La voie professionnelle scolaire rassemble une grande diversité de métiers qui œuvrent au quotidien pour la formation initiale professionnelle des élèves. Du professeur de lycée professionnel (PLP) aux accompagnant·es d’élèves en situation de handicap (AESH), en passant par les CPE, AED, directeurs et directrices délégué·es, ou encore les personnels des SEGPA et EREA, toutes et tous contribuent à ce que les élèves acquièrent une qualification professionnelle par un diplôme. Cette page permet de s’informer sur les missions, les droits, les conditions de travail et les possibilités d’évolution des différents métiers de la voie professionnelle.

Nos métiers en voie pro

Professeur·e de lycée pro (PLP)

Les professeur·es de lycée professionnel (PLP) sont des enseignant·es du second degré, qu’ils et elles soient titulaires ou non. En plus des heures de cours, les PLP assurent des missions spécifiques telles que l’encadrement des PFMP (périodes de formation en milieu professionnel) ou le suivi des élèves. Que l’on soit PLP titulaire ou contractuel·les, les conditions de travail, les droits et obligations, ainsi que les possibilités de mobilité et de formation continue sont au cœur des préoccupations du SNUEP-FSU. Point central, le statut, qui protège les agent·es et les usager·es.

Professeur·e de lycée pro en SEGPA – EREA

Les professeur·es exerçant en SEGPA (Section d’Enseignement Général et Professionnel Adapté) ou en ÉREA (Établissement Régional d’Enseignement Adapté) interviennent auprès d’élèves en grande difficulté scolaire, sociale ou en situation de handicap. Leur mission dépasse l’enseignement classique : ils adaptent les contenus, accompagnent les élèves dans leur parcours, et participent activement à leur inclusion.

Conseiller·ère technique des formations pro ( DDF et ATDDF)

Les directeur·trices délégué·es aux formations professionnelles et technologiques (DDF) et leurs assistant·es techniques (ATDDF) jouent un rôle clé dans l’organisation des enseignements professionnels en lycée. Conseillè·res techniques et non supérieur·es hiérarchiques, ils et elles assurent la coordination pédagogique, la gestion des équipements, l’animation des pôles de stages et le lien avec les entreprises.

Conseiller·ère principal·e d’éducation (CPE)

Pour la rentrée 2025, 170 postes ont été créés dans les académies mais cela reste insuffisant au regard des besoins des vies scolaires en particulier dans les lycées professionnels et les établissements avec un internat. Le SNES-FSU et le SNUEP-FSU évaluent le nombre de CPE nécessaires pour couvrir l’ensemble des besoins entre 4000 et 7500 en plus des 13 000 emplois actuels.

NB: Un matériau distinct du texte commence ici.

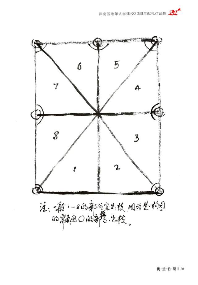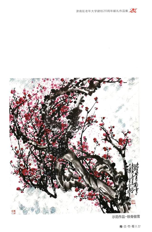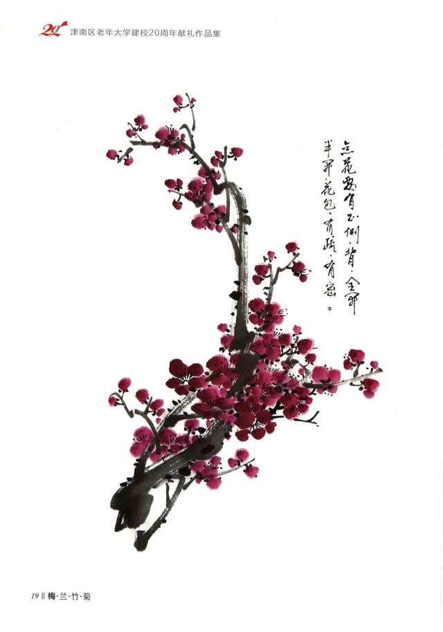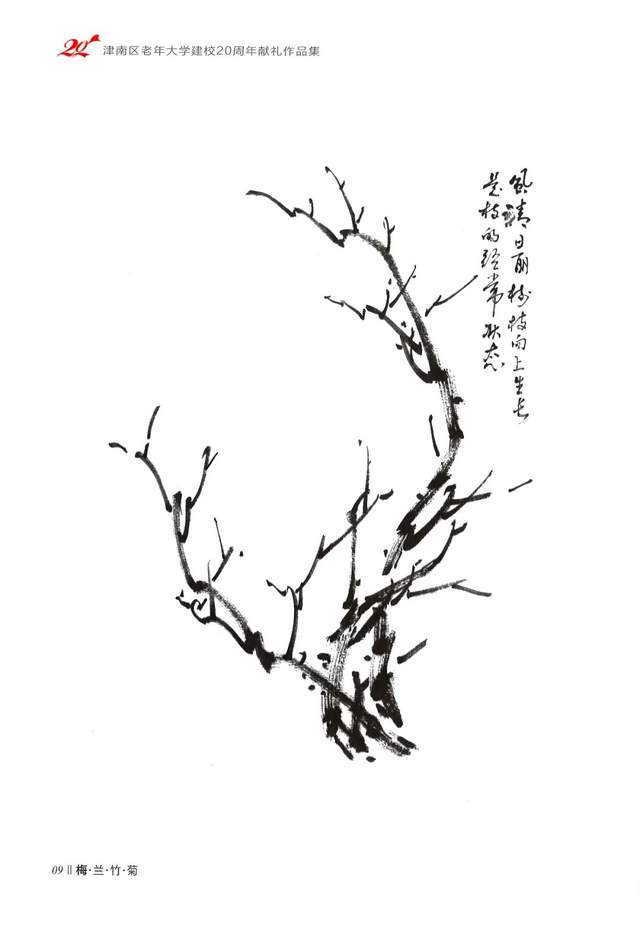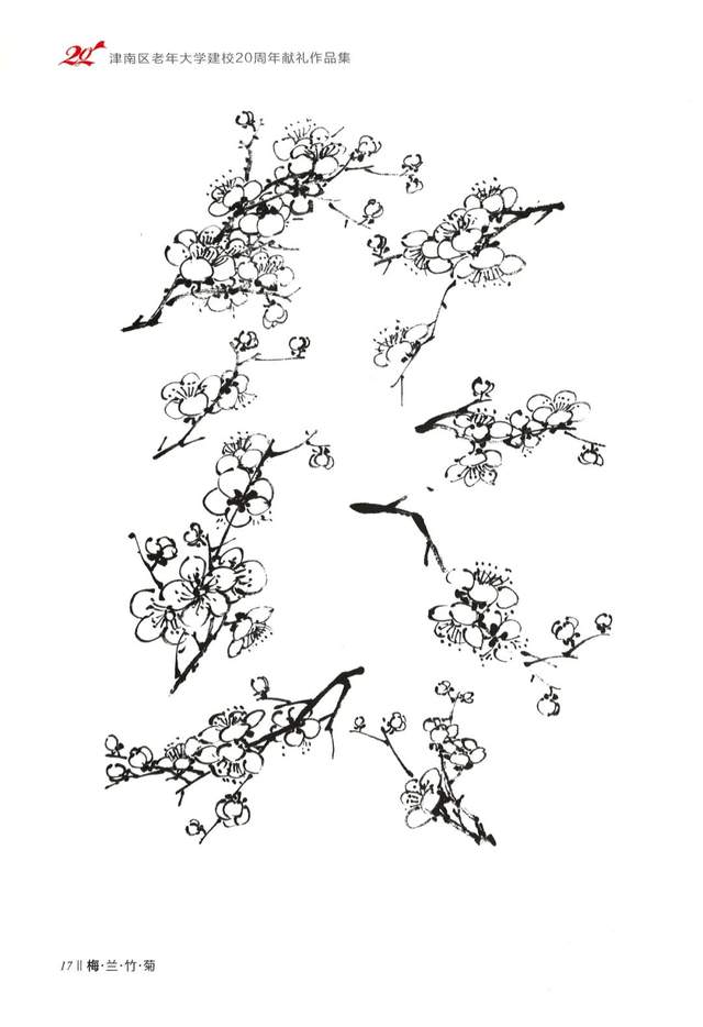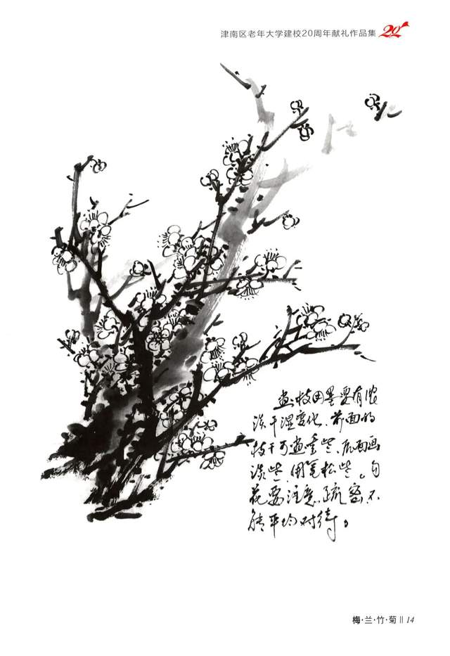 点花要点在小枝上,体现出正、侧、全开、半开及花蕾的组合,有疏有密,有重有轻。像画云一样的起伏、连贯,表现出傲雪怒放的精神。
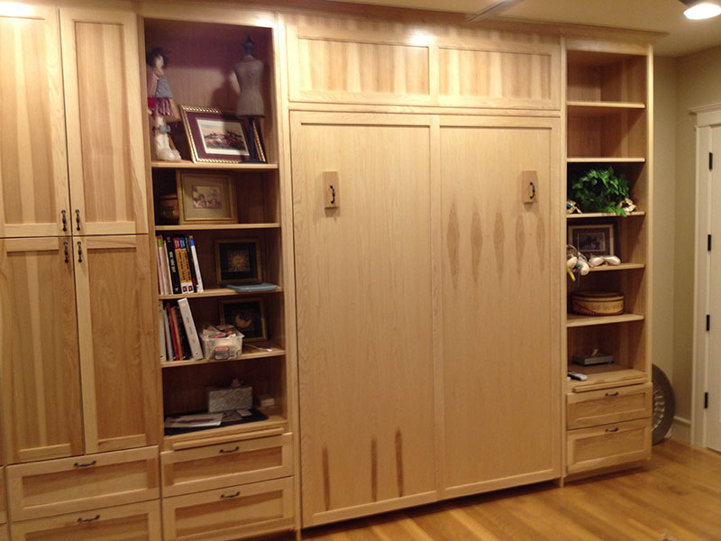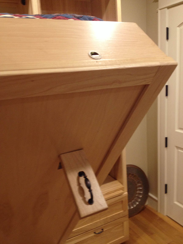 We use Elaine's sewing room as a secondary guest room, so it had a queen sized bed in it which was taking up a lot of space. I built a wall unit that gives her lots of room for storing her sewing supplies and contains a Murphy bed that can be lowered when we have guests.
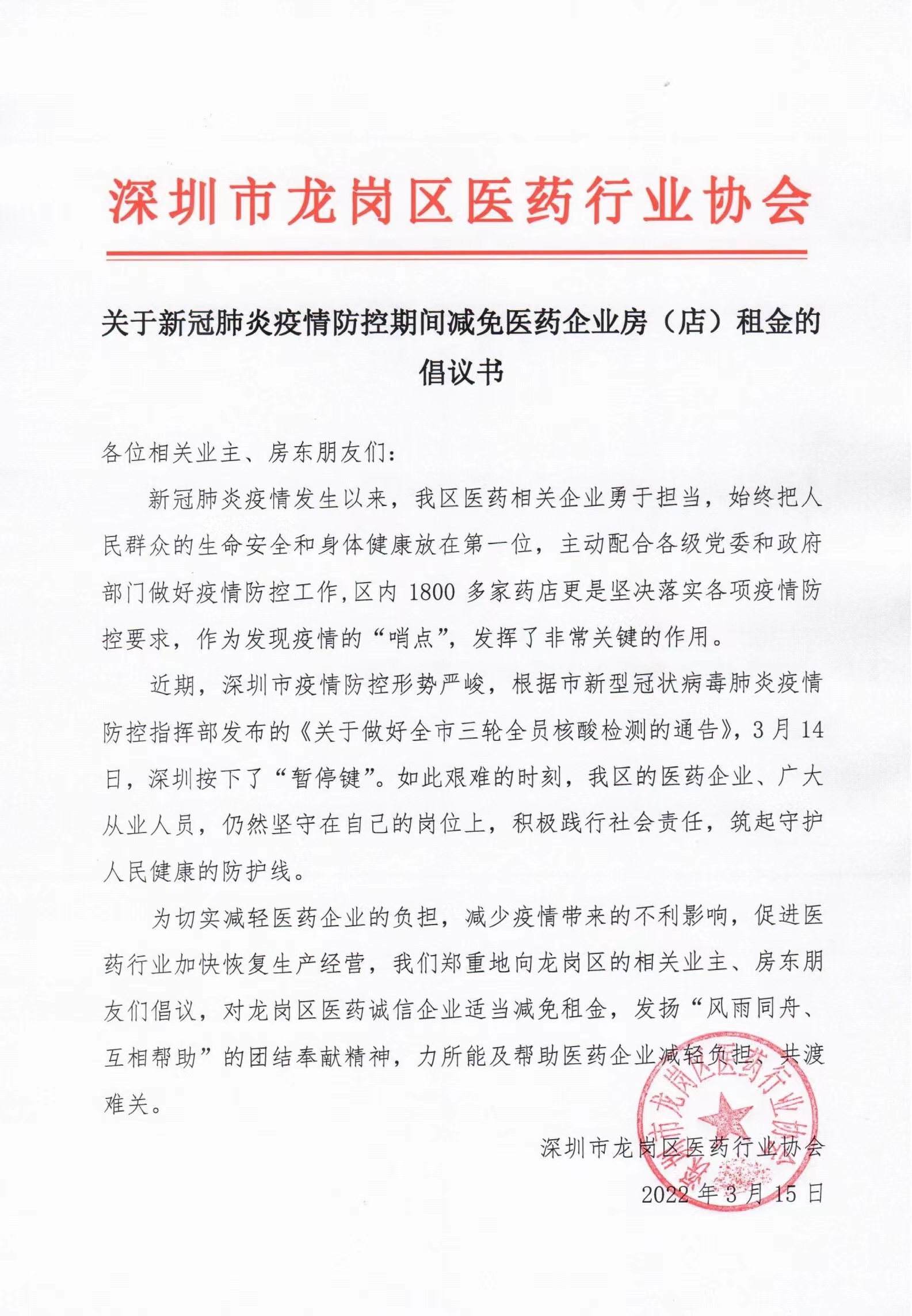 关于新冠肺炎疫情防控期间减免医药企业房(店)租金的倡议书
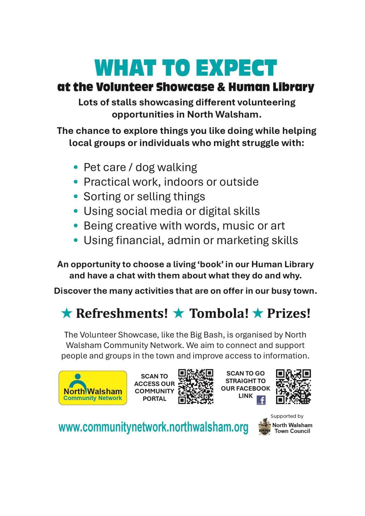 Scan me or visit www.getinvolvednorfolk.org.uk/o/North-Walsham-Community-Network/opportunities/Volunteer-Showcase/97999 to join
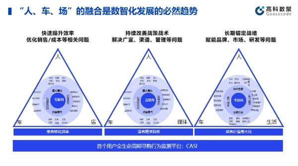 面对汽车行业的数智化,程杰博士认为,'人、车、场'的融合是汽车行业数智化发展的必然趋势,特别是车联网高速发展今天,全方位、全时空地洞悉车主人群在汽车、地产、旅游、金融、零售、医美、商业等不同行业领域的客户行为及体验洞察,将为各行业带来巨大的商业价值。
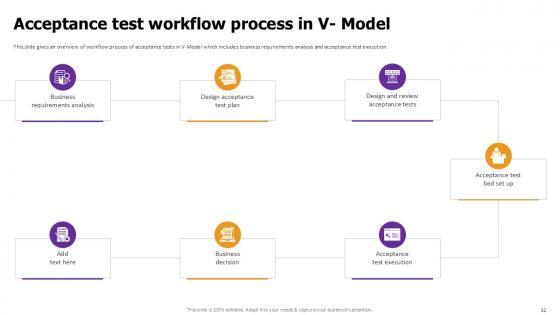 This slide gives an overview of workflow process of acceptance tests in V-Model which includes business requirements analysis and acceptance test execution. Boost your pitch with our creative Acceptance Test Workflow Effective Test Data Management Ppt Slide Deliver an awe-inspiring pitch that will mesmerize everyone. Using these presentation templates you will surely catch everyones attention. You can browse the ppts collection on our website. We have researchers who are experts at creating the right content for the templates. So you do not have to invest time in any additional work. Just grab the template now and use them. This slide gives an overview of workflow process of acceptance tests in V-Model which includes business requirements analysis and acceptance test execution.
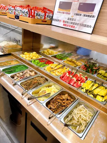 好多肉丸、配料同蔬菜任攞,連蟹棒、帶子都有。熟食都有得出去攞,有飯有餸,仲有鹽酥雞𠻹
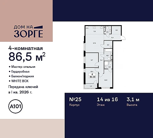 Просторная 4-комн. квартира с европланировкой и предчистовой отделкой в ЖК "Дом на Зорге" на 14 этаже. Общая площадь: 86.5 кв.м., жилая: 48.9 кв.м., общая площадь гостиной-столовой с кухонной зоной: 25.3 кв.м. Европланировка, зона гостиной комнаты объединена с кухней. Квартира угловая, окна oбecпeчивaют paвнoмepнoe ocвeщeниe в тeчeниe дня. В квартире одна лоджия, два совмещенных и один раздельный санузел. Высота потолков 3.1 м.
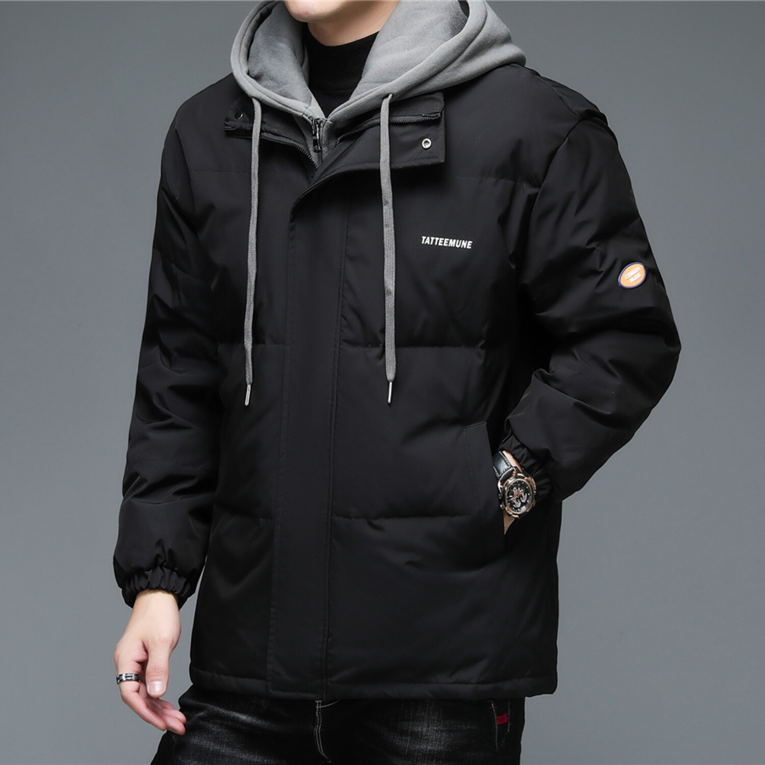 Insulated Gray Hooded Duck Down Fill Jacket // Black

Assistant·e d’éducation (AED)

Par leur présence forte dans les lieux de vie des élèves dans l’établissement scolaire, en dehors de la salle de cours, les AED jouent un rôle essentiel dans le fonctionnement du lycée. La relation avec les enseignant·es permet de dénouer les difficultés qui peuvent avoir lieu avec les élèves.

Accompagnant·e d’élèves en situation de handicap (AESH)

Les accompagnants d’élèves en situation de handicap (AESH) sont indispensables tant auprès des élèves que dans les équipes pluriprofessionnelles pour que l’école soit plus inclusive. Les différents dispositifs du pôle inclusif d’accompagnement localisé (PIAL), du pôle d’Appui à la Scolarité (PAS), et du dispositif d’autorégulation (DAR) auxquels le Ministère a recours ne fait que de dégrader l’inclusion des élèves et les conditions de travail des collègues AESH.

Mission de Lutte contre le Décrochage Scolaire (MLDS)

La MLDS (mission de Lutte contre le Décrochage Scolaire) s’inscrit dans la prévention du décrochage scolaire des jeunes. C’est une mission permanente obligatoire depuis la loi d’orientation du 10 juillet 1989 et réaffirmée en 2013. Elle prépare les élèves à l’insertion sociale et professionnelle, en particulier ceux qui sont en situation de « décrochage ».

Enseignant·e retraité·e

Non les retraité·es ne sont pas des nanti·es. Ils/elles ont travaillé et cotisé pour obtenir leur pension de retraite. Contrairement à ce que les gouvernements successifs et les députés macronistes et de droite, ce ne sont pas les retraité·es qui grèvent le budget de l’État mais les choix politiques réalisés. Il suffit de regarder l’AGIRC-ARCO, géré par les partenaires sociaux, qui est nettement en excédent.